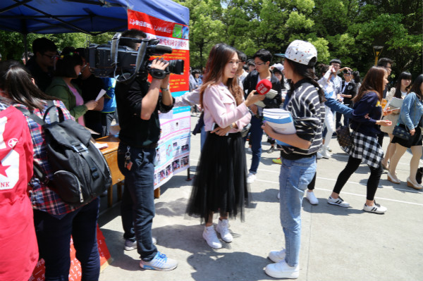 4月19日中午,我校愛心社在南區(qū)食堂前舉行了一場“匯聚愛心力量 幫助殘疾同學(xué)吳曉玲”的愛心義賣活動。現(xiàn)場氣氛熱烈,愛心洋溢。江西電視臺記者進行了采訪報道。
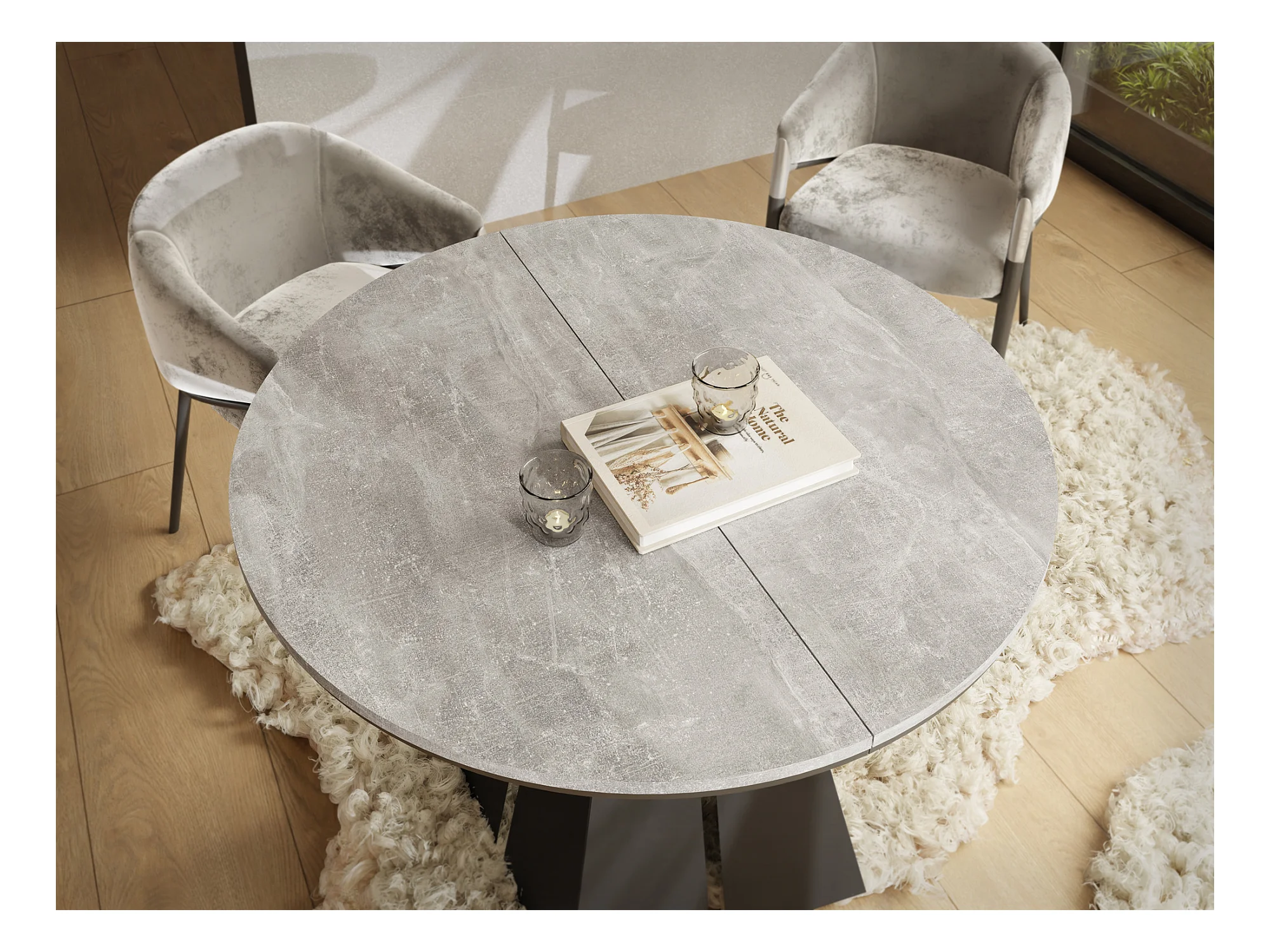 Runder Ausziehbarer Esstisch mit Schwarzem Metallgestell - Moderner Industrieller Tisch für Esszimmer oder Küche - 120 cm bis 200 cm - Made in EU - Grauer Beton
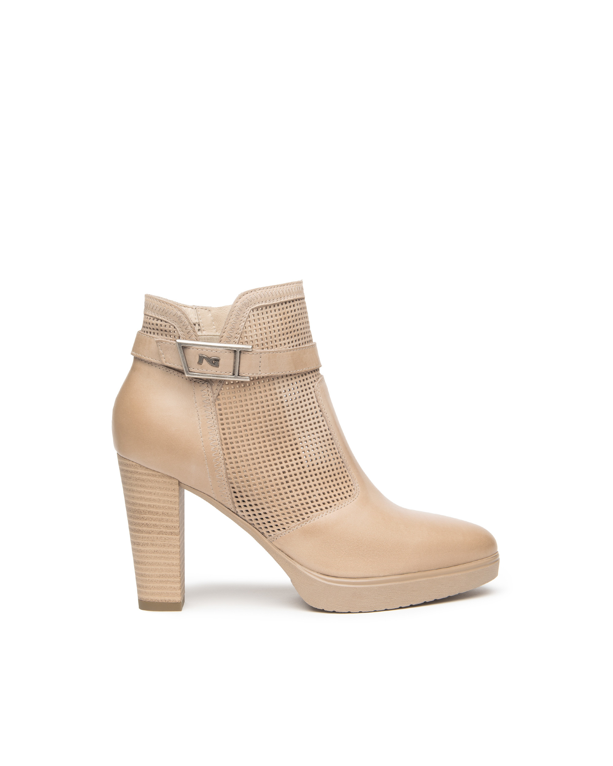 Stivaletti donna in pelle Nero Giardini con inserto traforato. Chiusura con zip sul lato interno, fodera e sottopiede in pelle, plateau 1,5 cm e tacco a cono 9,5 cm. Made in Italy.
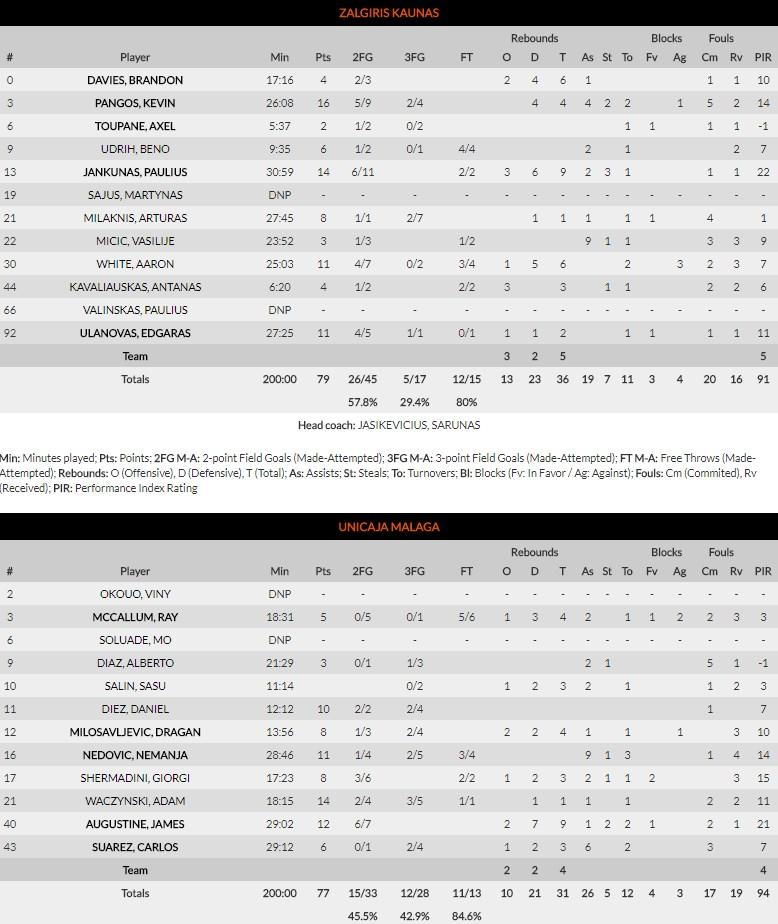 Un tapón de Edgaras Ulanovas sobre una acción de McCallum cerraba el triunfo para Zalgiris en un partido donde Unicaja fue por delante en el marcador durante la mayor parte del encuentro, alcanzando incluso rentas superiores a los 10 tantos poco antes del descanso.
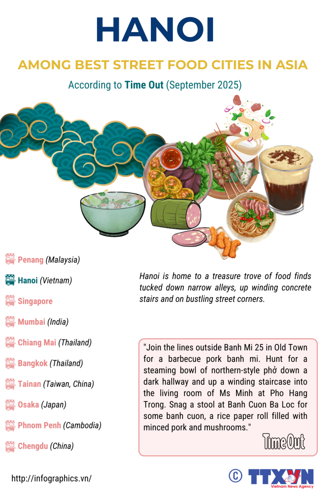 Hanoi has been listed among the top 10 Asian cities with the best street food, according to Time Out magazine.
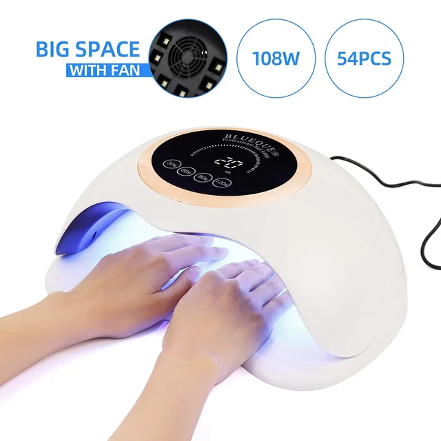 108W 54LED Lights High Power Nail Dryer Big Nail Lamp Tow Hand Fast Drying LED Nail Lamp UV Gel Polish Curing Lamp Nail Art Tool
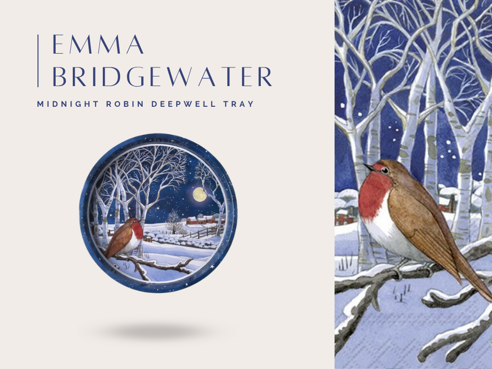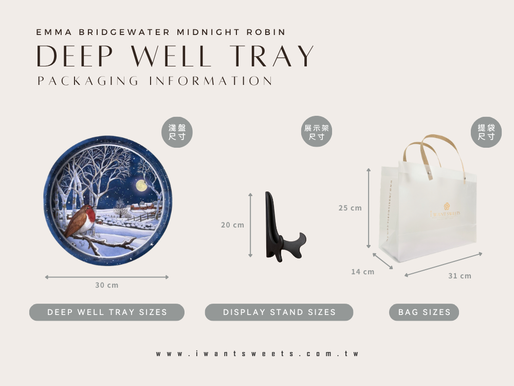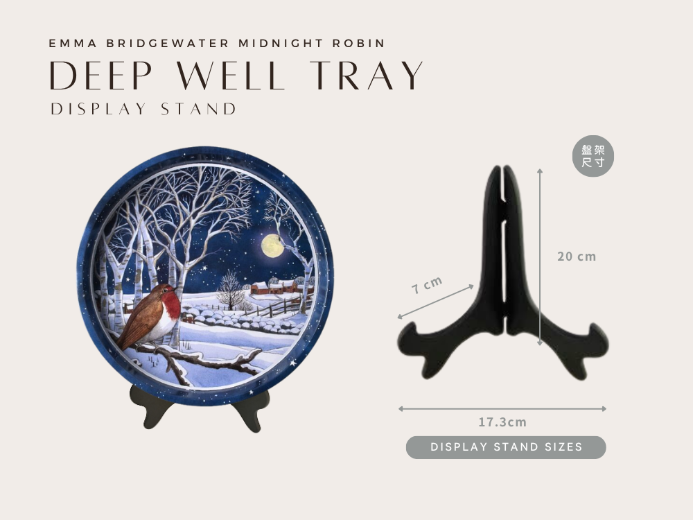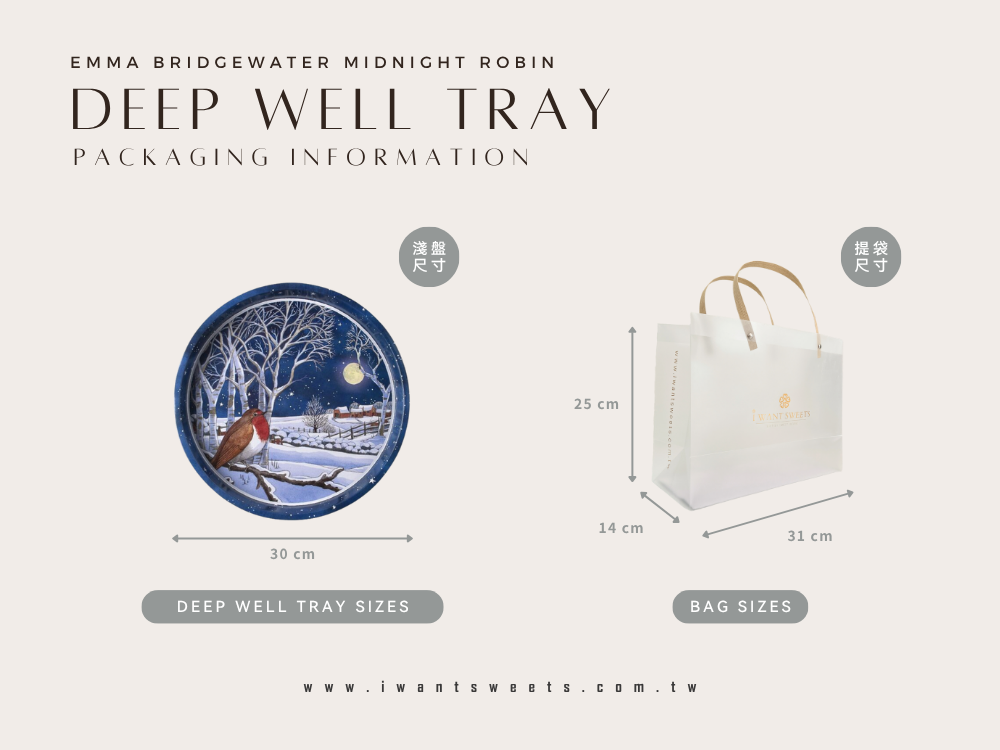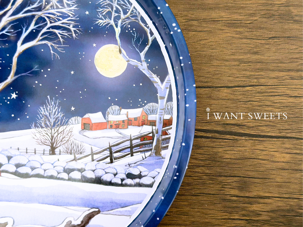 極致冬夜氛圍在這款鐵盤中躍然呈現:夜空深藍如絲,雪地銀白細緻綴滿畫面,一隻胸前鮮紅的知更鳥靜立枝頭。柔和筆觸與復古英倫配色交錯,勾勒出寧靜且富詩意的節慶場景,為空間增添一抹夢幻冬日美。
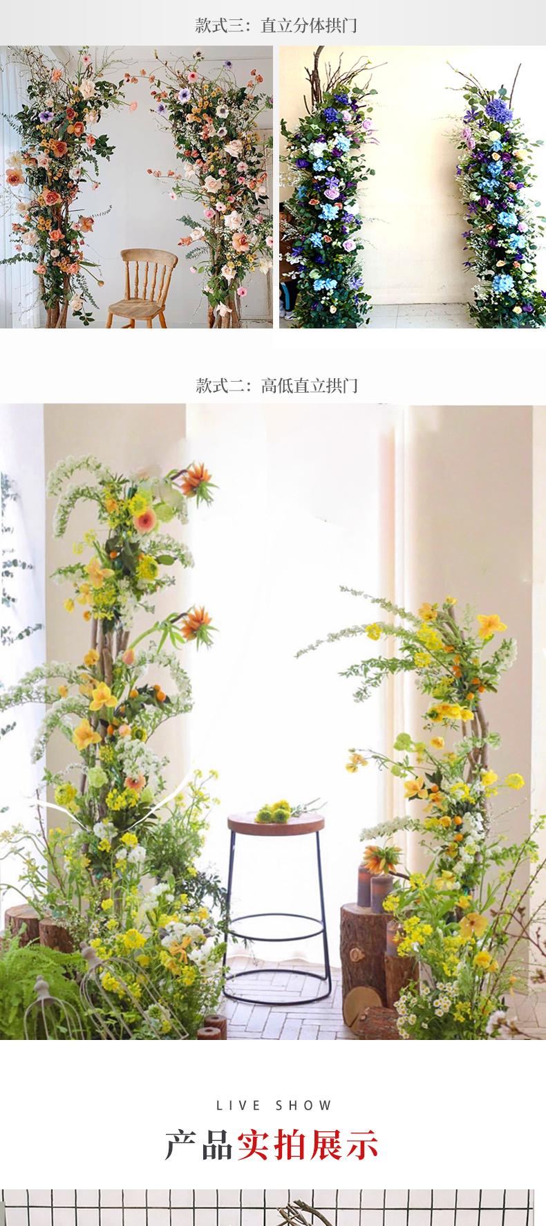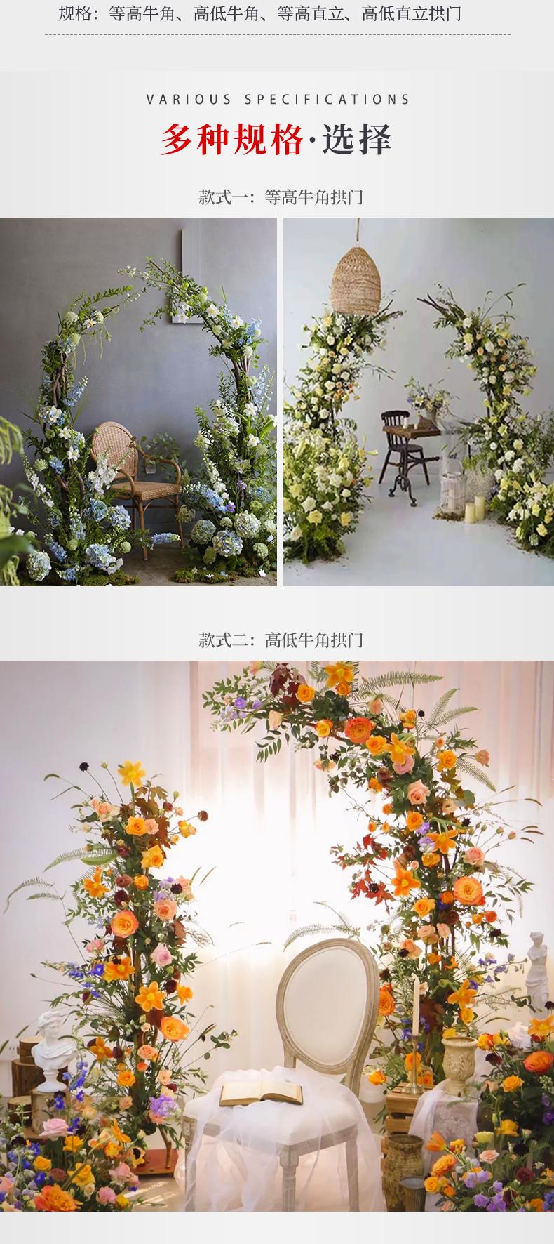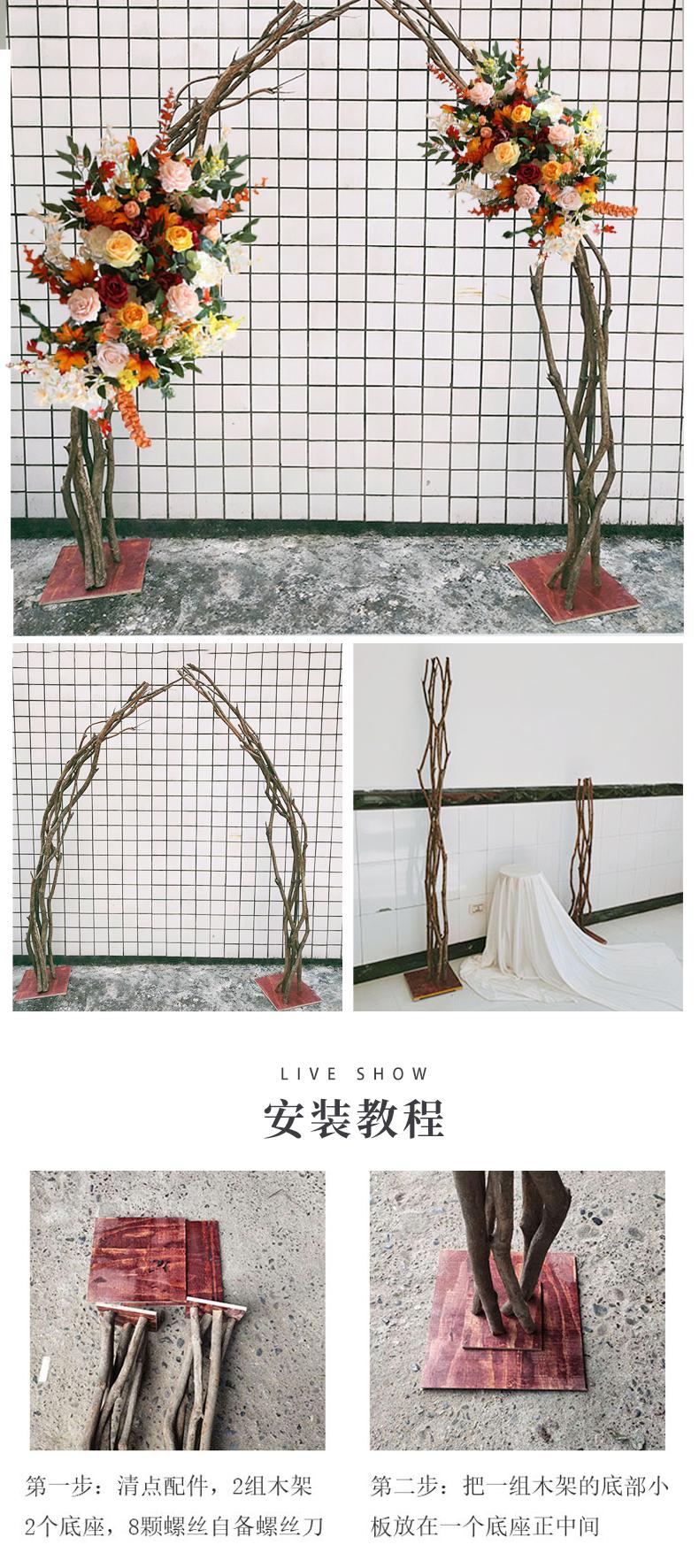 Venta al por mayor, apertura de boda, arco de cuerno de media luna dividido, decoración Mori, soporte de flores para boda, arco floral, puerta de flores de madera maciza

▶ [TASK TO CARRY OUT]: The range runs from the line containing "Hanoi has been" through the end of the entries; print those lines exactly and leave the pictures out.

▶ [RESPONSE BELOW]:
 Hanoi has been listed among the top 10 Asian cities with the best street food, according to Time Out magazine.
 108W 54LED Lights High Power Nail Dryer Big Nail Lamp Tow Hand Fast Drying LED Nail Lamp UV Gel Polish Curing Lamp Nail Art Tool
 極致冬夜氛圍在這款鐵盤中躍然呈現:夜空深藍如絲,雪地銀白細緻綴滿畫面,一隻胸前鮮紅的知更鳥靜立枝頭。柔和筆觸與復古英倫配色交錯,勾勒出寧靜且富詩意的節慶場景,為空間增添一抹夢幻冬日美。
 Venta al por mayor, apertura de boda, arco de cuerno de media luna dividido, decoración Mori, soporte de flores para boda, arco floral, puerta de flores de madera maciza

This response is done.